Brick gives a traditional look, and if the house is brick, it ties the garden and house together. A collection of used bricks from different sources suits the casualness of a cottage garden. Brick is usually laid in what is called a soldier course, with the long ends against each other to create a border as wide as the longest part of the brick.

Concrete pavers can be used instead of brick and will have a similar look if brick-shaped pavers are chosen. Concrete pavers come in a range of sizes and colors and can add a contemporary touch.

To lay stones or bricks as an edging, use a gravel base so they stay firm over time. Dig out the soil in the bed next to the lawn equal to the depth of the stone or brick, plus 4 inches. Place 4 inches of crushed rock into the trench. Use regular driveway gravel, called 5/8-inch minus. This type of gravel has sizes of crushed rock from 5/8-inch down to sand-size pieces and packs down well.

Place the stones or bricks on this compacted base, and use sand or additional crushed rock to make them level to the top of the lawn as you go.

If you like a full garden look, make the edging wide enough so the plants can flop over and not get cut off by the lawn mower.

Wood can also serve as an edging, but even treated wood lasts only 10 years or so in the garden when in contact with wet soil. Plastic lumber, made from recycled materials, is a more durable product. It comes in many shapes, including one thin enough to go around curves.

Another choice is concrete, made by building a form and pouring concrete into it or by hiring a professional concrete-edging company with machinery to pour continuous concrete edging without forms. These companies can work with the concrete to make it resemble stone or brick.

Before choosing concrete edging, consider whether a continuous ribbon of concrete around the lawn may call too much attention to the edge and overwhelm the garden’s design.

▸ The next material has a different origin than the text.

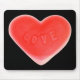 Diseño elegante con un corazón de caramelos chicle con "amor" escrito en él en tonos rojos y rosas sobre un fondo negro. Mousepad con un diseño de personalizable para que puedas personalizar con tu propio texto, fotos e ideas. Creado usando una fotografía original y técnicas digitales de Jess Perry.

For an unobtrusive edge, use thin and flexible products made from steel, aluminum or plastic. These show only a thin line at the top and, if a dark finish is chosen, are almost invisible.

Paths and patios

Edging is also important in stone paths that run through a lawn or a stone patio that adjoins one. Paths and patios made from concrete, or brick or stone on concrete, will edge themselves, but dry-laid stone has open joints that grass can invade. Use a thin metal or plastic edging to keep grass at bay.

Gravel paths that travel through a garden bed may need edging to keep the gravel from kicking into the bed. Use a thin edging, or add a decorative band of brick or stone.

In some cases, you may want to create an informal look and have no edging on the gravel path. Make the path a little wider, leave the edging off and let plants soften the line between path and garden. An informal path through the woods, surfaced in bark or natural forest duff, also needs no edging.

Paying attention to details makes good gardens, and keeping the edge in mind will reinforce the design decisions you have made all along the way.